++++ Data supplied ++++

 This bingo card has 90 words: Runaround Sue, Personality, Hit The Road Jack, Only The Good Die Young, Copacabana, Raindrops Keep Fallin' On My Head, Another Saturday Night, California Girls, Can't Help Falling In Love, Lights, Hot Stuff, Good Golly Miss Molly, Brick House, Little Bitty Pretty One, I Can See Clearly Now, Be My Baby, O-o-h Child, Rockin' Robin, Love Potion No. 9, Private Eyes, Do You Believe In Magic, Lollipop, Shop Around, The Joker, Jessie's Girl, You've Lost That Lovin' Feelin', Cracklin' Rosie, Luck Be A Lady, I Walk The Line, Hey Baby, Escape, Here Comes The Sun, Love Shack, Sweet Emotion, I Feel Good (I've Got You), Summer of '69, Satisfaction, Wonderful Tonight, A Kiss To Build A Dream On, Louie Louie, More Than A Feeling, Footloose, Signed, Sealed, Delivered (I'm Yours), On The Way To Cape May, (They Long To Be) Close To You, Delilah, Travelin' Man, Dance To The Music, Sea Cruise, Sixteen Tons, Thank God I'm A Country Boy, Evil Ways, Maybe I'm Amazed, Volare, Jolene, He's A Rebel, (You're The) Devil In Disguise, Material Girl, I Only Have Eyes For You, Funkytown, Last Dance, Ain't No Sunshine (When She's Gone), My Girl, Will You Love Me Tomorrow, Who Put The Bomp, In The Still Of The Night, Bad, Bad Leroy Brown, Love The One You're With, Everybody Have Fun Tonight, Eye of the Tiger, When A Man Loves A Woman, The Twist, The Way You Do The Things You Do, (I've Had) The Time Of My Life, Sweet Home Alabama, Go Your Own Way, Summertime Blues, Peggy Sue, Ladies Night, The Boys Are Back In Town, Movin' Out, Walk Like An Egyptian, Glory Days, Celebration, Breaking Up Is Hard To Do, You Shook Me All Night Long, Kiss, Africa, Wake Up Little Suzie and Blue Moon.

++++
++++ Data supplied ++++

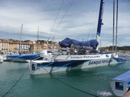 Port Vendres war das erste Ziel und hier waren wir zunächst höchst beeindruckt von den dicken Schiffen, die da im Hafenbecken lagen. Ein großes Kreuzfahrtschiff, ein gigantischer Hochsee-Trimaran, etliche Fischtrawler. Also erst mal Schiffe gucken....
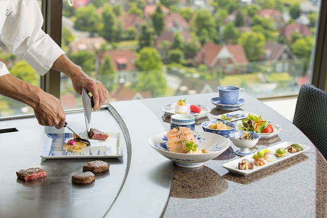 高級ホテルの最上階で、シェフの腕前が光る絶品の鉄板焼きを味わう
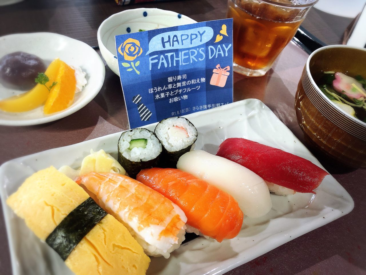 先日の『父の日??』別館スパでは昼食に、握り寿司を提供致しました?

++++
++++ Data supplied ++++

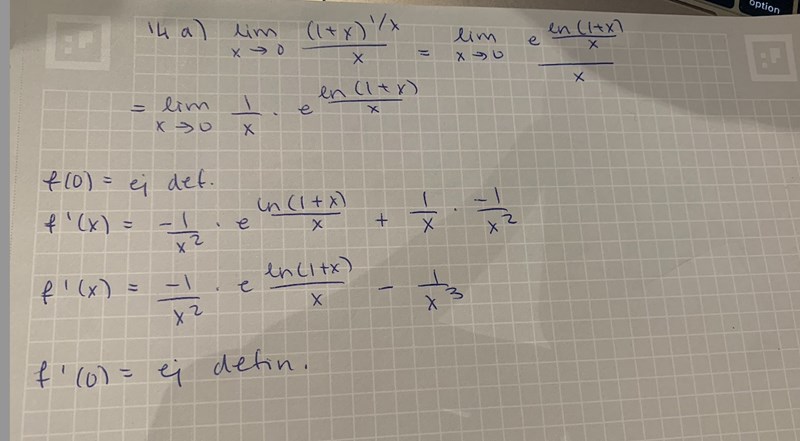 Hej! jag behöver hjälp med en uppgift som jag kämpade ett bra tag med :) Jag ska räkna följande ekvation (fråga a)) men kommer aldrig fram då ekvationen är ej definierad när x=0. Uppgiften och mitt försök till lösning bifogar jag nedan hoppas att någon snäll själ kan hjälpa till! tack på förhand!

++++

* _Work instructions_:
From the records above, write out exactly the lines that begin at the line with "Port Vendres war" and end at the line with "先日の『父の日??』別館スパでは昼食に、握り寿司を提供致しました?". Pictures must not appear in the output.

* _Expected answer_:
 Port Vendres war das erste Ziel und hier waren wir zunächst höchst beeindruckt von den dicken Schiffen, die da im Hafenbecken lagen. Ein großes Kreuzfahrtschiff, ein gigantischer Hochsee-Trimaran, etliche Fischtrawler. Also erst mal Schiffe gucken....
 高級ホテルの最上階で、シェフの腕前が光る絶品の鉄板焼きを味わう
 先日の『父の日??』別館スパでは昼食に、握り寿司を提供致しました?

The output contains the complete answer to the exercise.